The compact design and the independence from environmental conditions of gas-insulated systems leads to an ideal suitability of this high-voltage equipment for the use in a modern power supply system. The operation of the assets under DC voltage stress is unavoidable due to the increasing distance between the areas of power generation and consumption. The reliable operation during the estimated lifetime of several decades is only feasible with a precise partial discharge diagnosis. Hence, a sensitive measurement and a doubtless interpretation of the results is necessary. Nevertheless, it is necessary to take into account, that under alternating voltage stress established physical mechanisms of the discharge processes and the influence of dielectric interfaces cannot be adopted directly, due to the changed voltage stress with a constant electric field and the related surface and volume charge accumulation.
Aim of this thesis is the analysis of defects in gas-insulated systems with and without dielectric interfaces under DC voltage stress and thereby to contribute to a reliable interpretation of partial discharge measurements. In addition, known electrical and novel optical measurement methods are investigated with respect to their capabilities and limitations when used under DC voltage stress. The experimental investigations are carried out in model electrode arrangements. The weakly inhomogeneous electrical field of the gas-insulated systems is replicated in three configurations, one for each defect investigated. The detailed analysis of the discharge processes is enabled by a direct measurement of the partial discharge currents. A distinction between impulse currents and pulseless currents is made.
Due to assembly faults or insufficient material quality fixed, metallic protrusions can be created within the insulation system. The experimentally observed dependencies of the discharge processes on the polarity of the defect, the insulating gas pressure and the voltage stress permit a classification of four different types of discharge.
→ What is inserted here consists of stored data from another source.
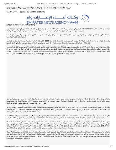6/10/25, 1:27 PM UAE News - نﺷﯾﻧ كﯾزوﯾﻣ" ﺔﻛرﺷﻟ ﻲﻘﯾﺳوﻣﻠﻟ ﺔﯾﻋﺎﻣﺟﻟا ةرادﻺﻟ ﺔﯾﻧﺎﺛﻟا ﺔﺻﺧرﻟا ﺢﻧﻣﺗ دﺎﺻﺗﻗﻻا ةرازو - تارﺎﻣﻹا رﺎﺑﺧأ"
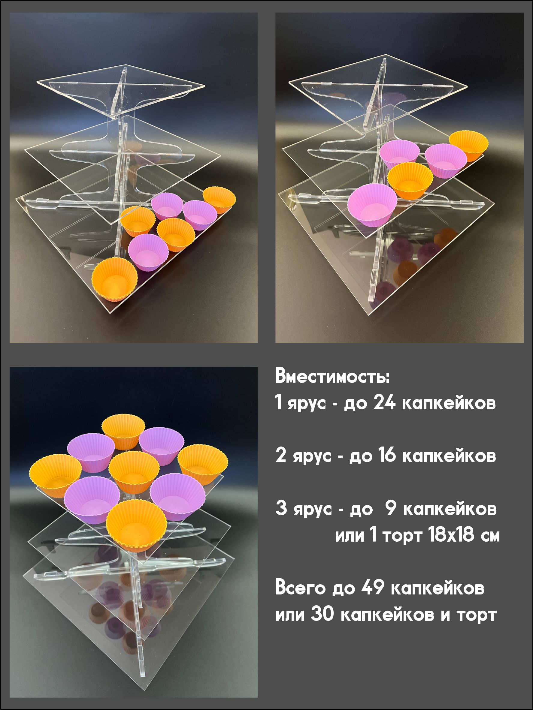 Нижний ярус (35 х 35 см) вмещает до 24 капкейков или тарталеток
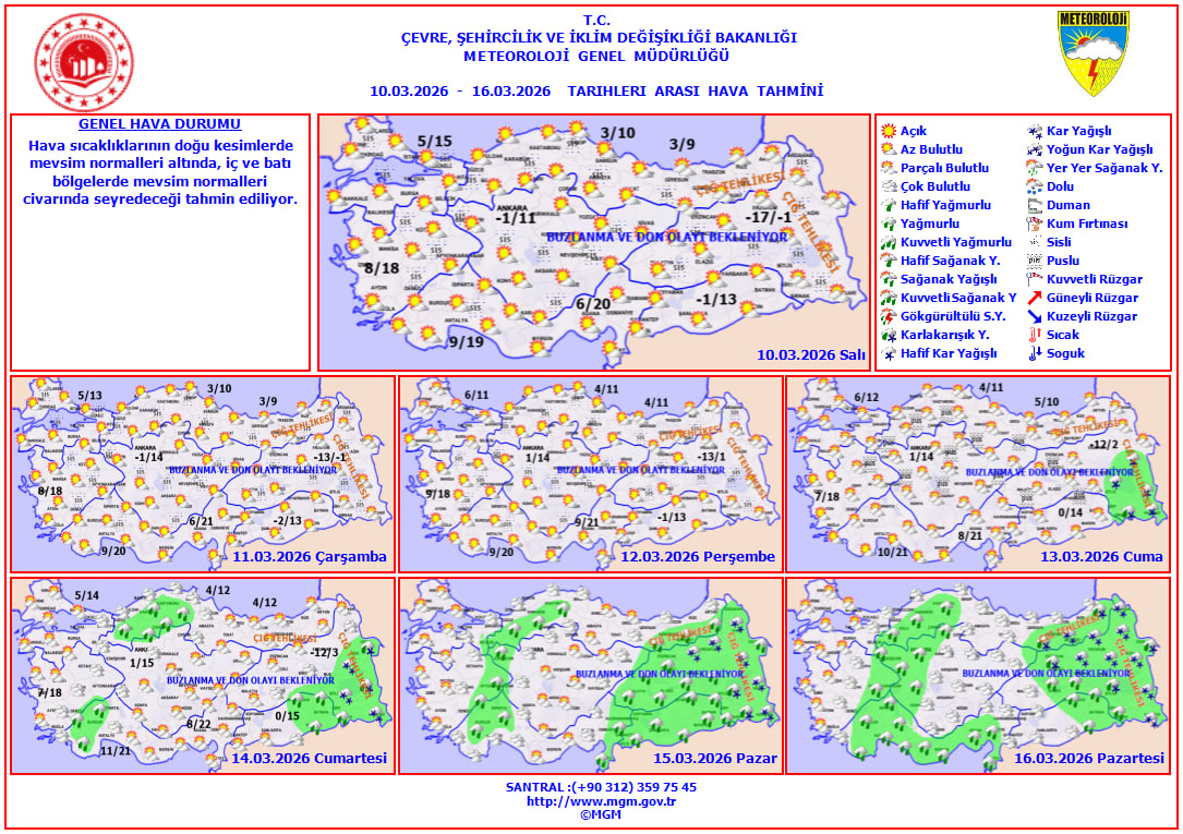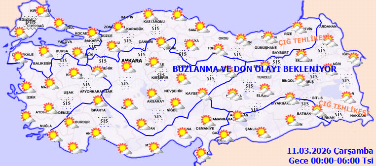 Hava sıcaklıklarının düşük seyrettiği kuzey, iç ve doğu kesimlerde buzlanma ve don olaylarının görülmesi bekleniyor. Özellikle gece ve sabah saatlerinde pus ve yer yer sis etkili olabilir. Bu nedenle sürücülerin görüş mesafesinin azalmasına karşı dikkatli olmaları isteniyor.

In addition to the investigations in the most commonly used insulating gas sulphur-hexafluoride a comparison of the results with measurements in the climate-friendly alternative synthetic air are made. Derived from this, commonalities and differences in the discharge behaviour are discussed. Free moving, metallic particles can adhere to the gas-solid interface. The accumulation of surface charges at the solid insulator influences the partial discharge inception significantly. Due to the steady-state discharge behaviour, which is comparable to the fixed, metallic protrusion without contact to a dielectric interface, distinguishing between the two defects based on pulse repetition rates and amplitudes is challenging.
A unique aspect under DC voltage stress are discharges at the orthogonal interface between electrode coating and insulating gas. The analysis of the causes of the occurrence of these discharges, their optical and electrical characteristics and strategies for the prevention are investigated. Derived from the results, recommendations for partial discharge diagnosis of gas-insulated DC systems are discussed. These recommendations are an essential component for the future use of this asset in a high-performance electric power system with high reliability of the power supply.